#### [AIM OF THE TASK]
Output the data below exactly, images excluded.

------------------------------------------------------------------------

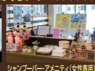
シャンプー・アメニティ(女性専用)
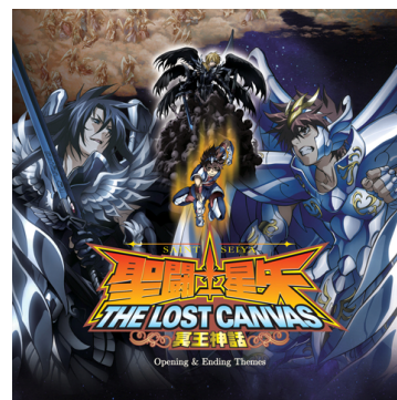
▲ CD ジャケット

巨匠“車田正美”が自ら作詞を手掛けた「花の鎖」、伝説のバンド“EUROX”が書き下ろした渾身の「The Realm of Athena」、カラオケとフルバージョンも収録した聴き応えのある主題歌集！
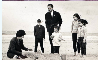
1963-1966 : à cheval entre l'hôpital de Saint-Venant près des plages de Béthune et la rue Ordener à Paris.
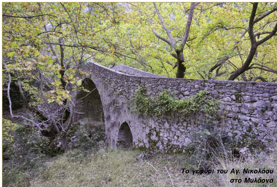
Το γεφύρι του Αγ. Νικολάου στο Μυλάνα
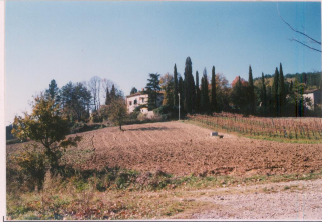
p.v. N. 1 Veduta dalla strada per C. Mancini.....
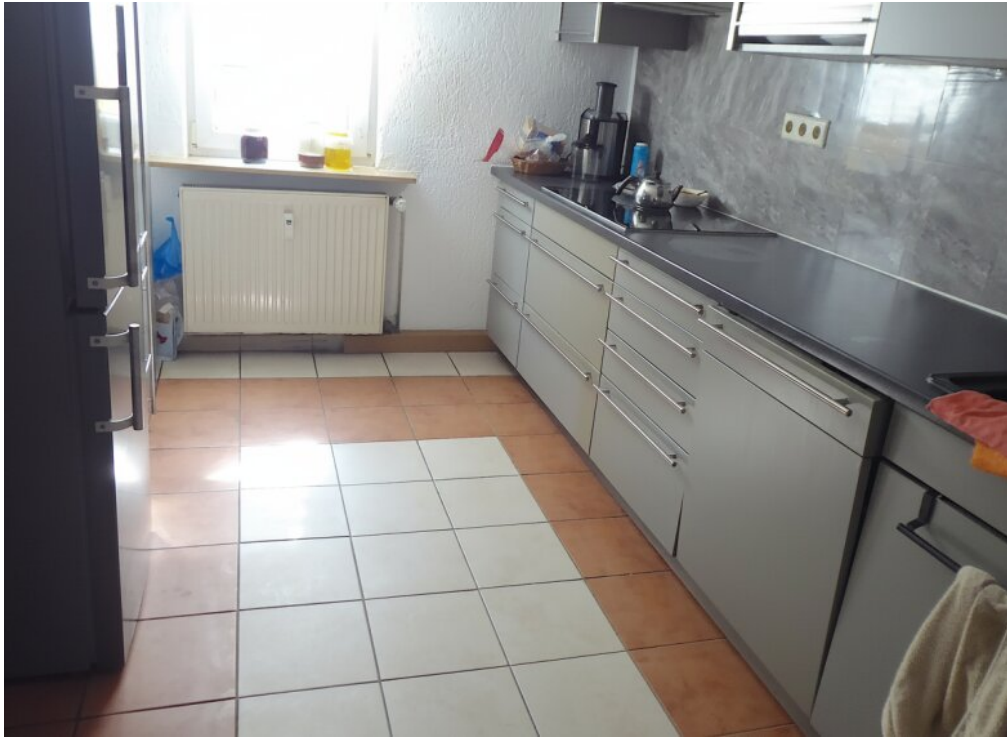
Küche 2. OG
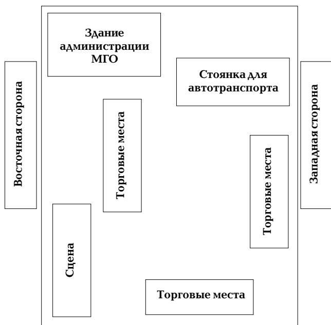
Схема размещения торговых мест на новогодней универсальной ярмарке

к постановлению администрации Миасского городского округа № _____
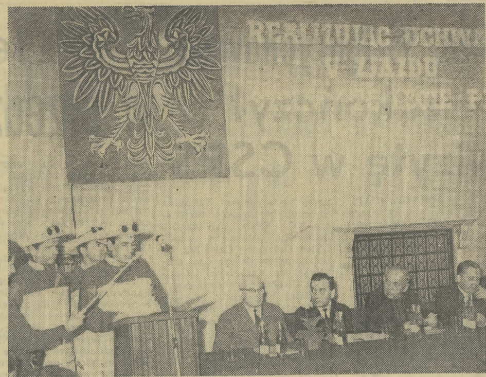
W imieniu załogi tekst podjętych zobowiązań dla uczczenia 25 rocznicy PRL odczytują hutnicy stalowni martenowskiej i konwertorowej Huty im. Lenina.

------------------------------------------------------------------------

#### [EXERCISE RESPONSE]
シャンプー・アメニティ(女性専用)
▲ CD ジャケット

巨匠“車田正美”が自ら作詞を手掛けた「花の鎖」、伝説のバンド“EUROX”が書き下ろした渾身の「The Realm of Athena」、カラオケとフルバージョンも収録した聴き応えのある主題歌集！
1963-1966 : à cheval entre l'hôpital de Saint-Venant près des plages de Béthune et la rue Ordener à Paris.
Το γεφύρι του Αγ. Νικολάου στο Μυλάνα
p.v. N. 1 Veduta dalla strada per C. Mancini.....
Küche 2. OG
Схема размещения торговых мест на новогодней универсальной ярмарке

к постановлению администрации Миасского городского округа № _____
W imieniu załogi tekst podjętych zobowiązań dla uczczenia 25 rocznicy PRL odczytują hutnicy stalowni martenowskiej i konwertorowej Huty im. Lenina.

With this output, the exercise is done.